### Try it
Without including any images, repeat the data exactly.

### Information shown
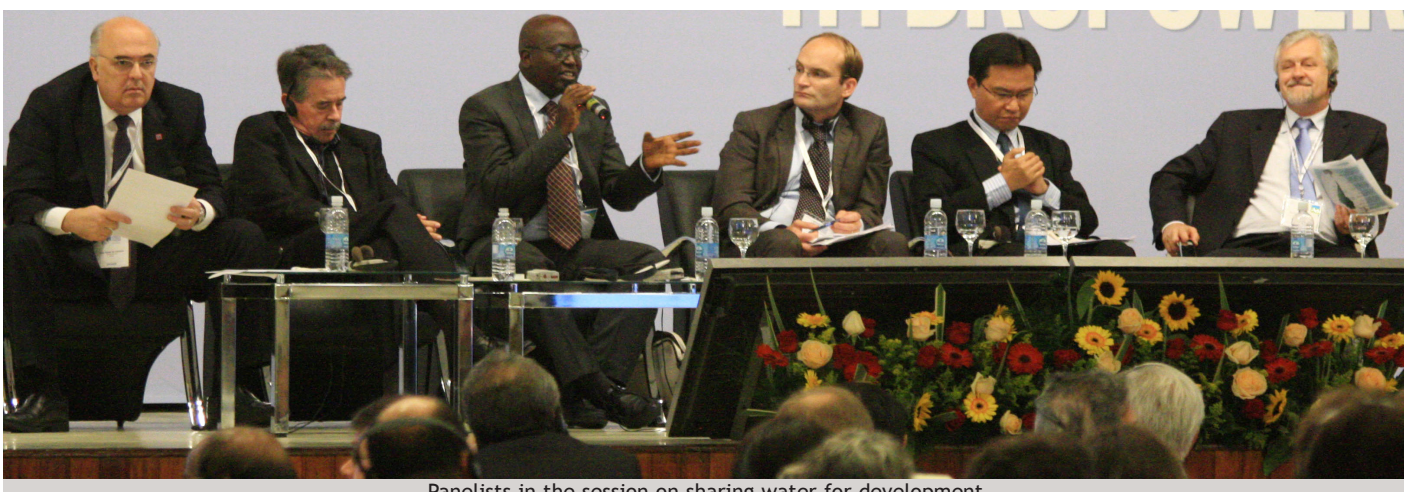
Panelists in the session on sharing water for development

Participants discussed, among other things, social benefits of multi-purpose hydropower projects and case-by-case versus standardized approaches for identifying project-affected communities. On the Protocol's expected impact on social issues, Locher recognized that as a scoring tool it reduces complex social issues to numbers, but underscored its main value will be to act as a bridge between different world views and to facilitate dialogue among stakeholders.
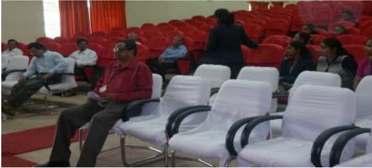
The EEE staff faculties interacting with parents
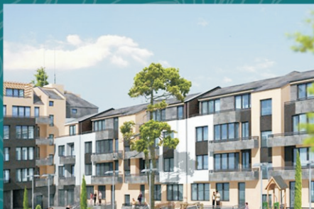
Aranya Vihar, Patna

### Response to the exercise
Panelists in the session on sharing water for development

Participants discussed, among other things, social benefits of multi-purpose hydropower projects and case-by-case versus standardized approaches for identifying project-affected communities. On the Protocol's expected impact on social issues, Locher recognized that as a scoring tool it reduces complex social issues to numbers, but underscored its main value will be to act as a bridge between different world views and to facilitate dialogue among stakeholders.
The EEE staff faculties interacting with parents
Aranya Vihar, Patna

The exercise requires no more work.